Their visit deeply affected Mama, who, despite her questioning intelligence, possessed a strong faith. Could things get worse? Would Mama summon Will from Oxford to purify me? Would Jack ever speak to me again? He and Father were avoiding the guild meetings and, worst of all, because I had received no fresh message from Ned. Father had begun to believe my future as a royal favourite was a fantasy.

Guilt, my humourless inner magistrate, took its place on the bench. By day it admonished me on how my fall from grace had harmed those I loved. At night it proved a snoring bedfellow; keeping me awake, and when I supposed I had shaken it to silence, it would produce another loud snort of judgment.

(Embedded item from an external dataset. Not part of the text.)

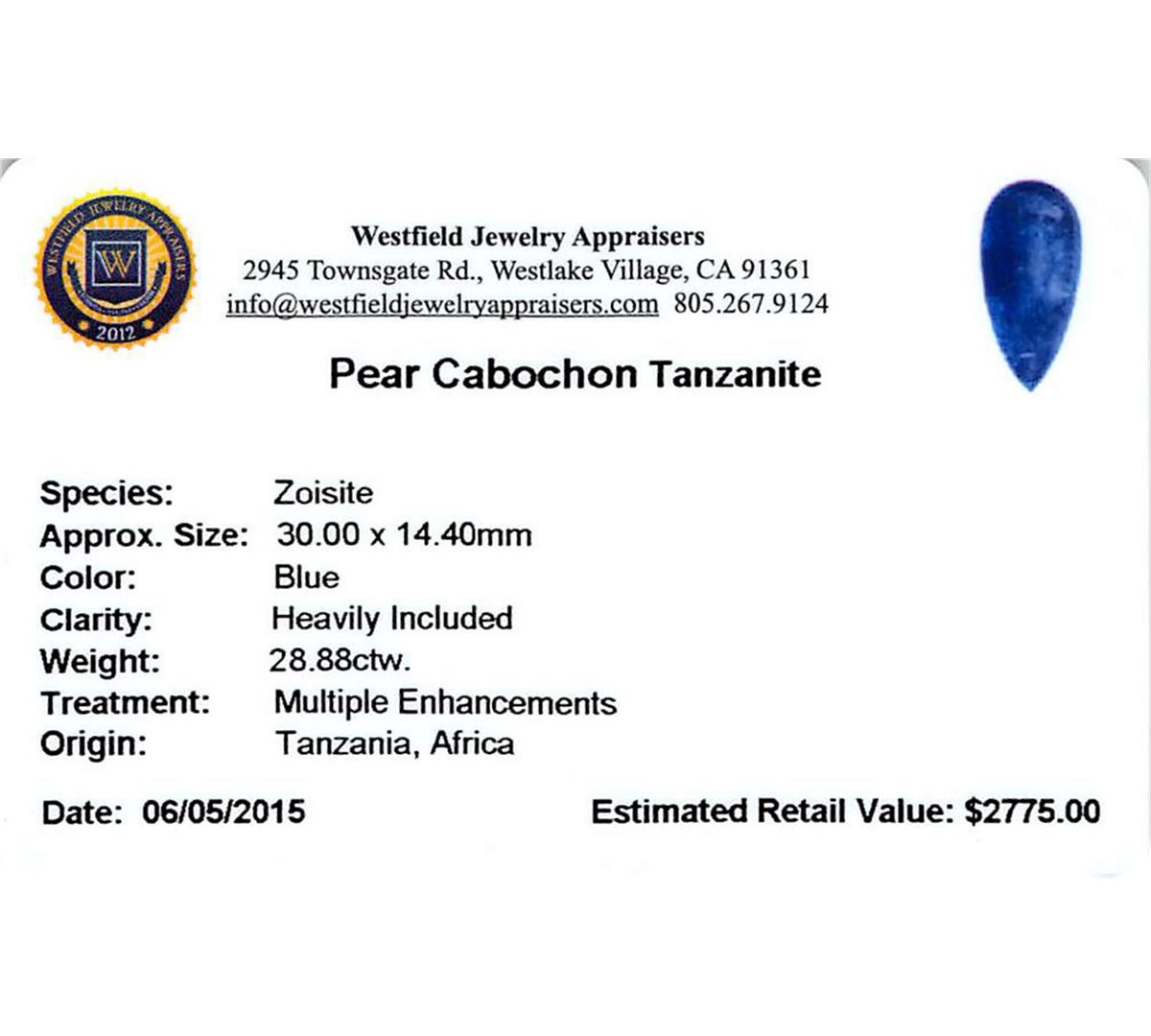 One pear cabochon cut natural tanzanite, measuring 30.00 x 14.40 x 7.00mm, exact weight 28.88ct., clarity is heavily included, type I, dark, very slightly grayish, blue color, (GIA B 7/3), cut is good. Transmitting light somewhat diffusely, translucent. Naturally occurring internal & external characteristics are present. Indications of heat treatment. Westfield Appraised at $2,775.00.

Just when I began to doubt my sanity, fearful my family might throw me out, Master Myddelton reappeared with an invitation. Wondrous news – except I was bidden to wear my oldest clothes.

Mama was relieved but not impressed. ‘I hate to say it, my love, but I haven’t been standing by you in the teeth of a tempest so you can swish out the palace privies. He’s not got odd fancies, has he? Some men like shoes, you know and …’

I could not enlighten her but I took Ned at his word.

Unhappy in my shabby musterdevillers – imagine a drab grey November sky – I followed Master Myddelton past Ned’s guards into his private bedchamber. My lover was securing his hair into a tail while his attendants unrobed him.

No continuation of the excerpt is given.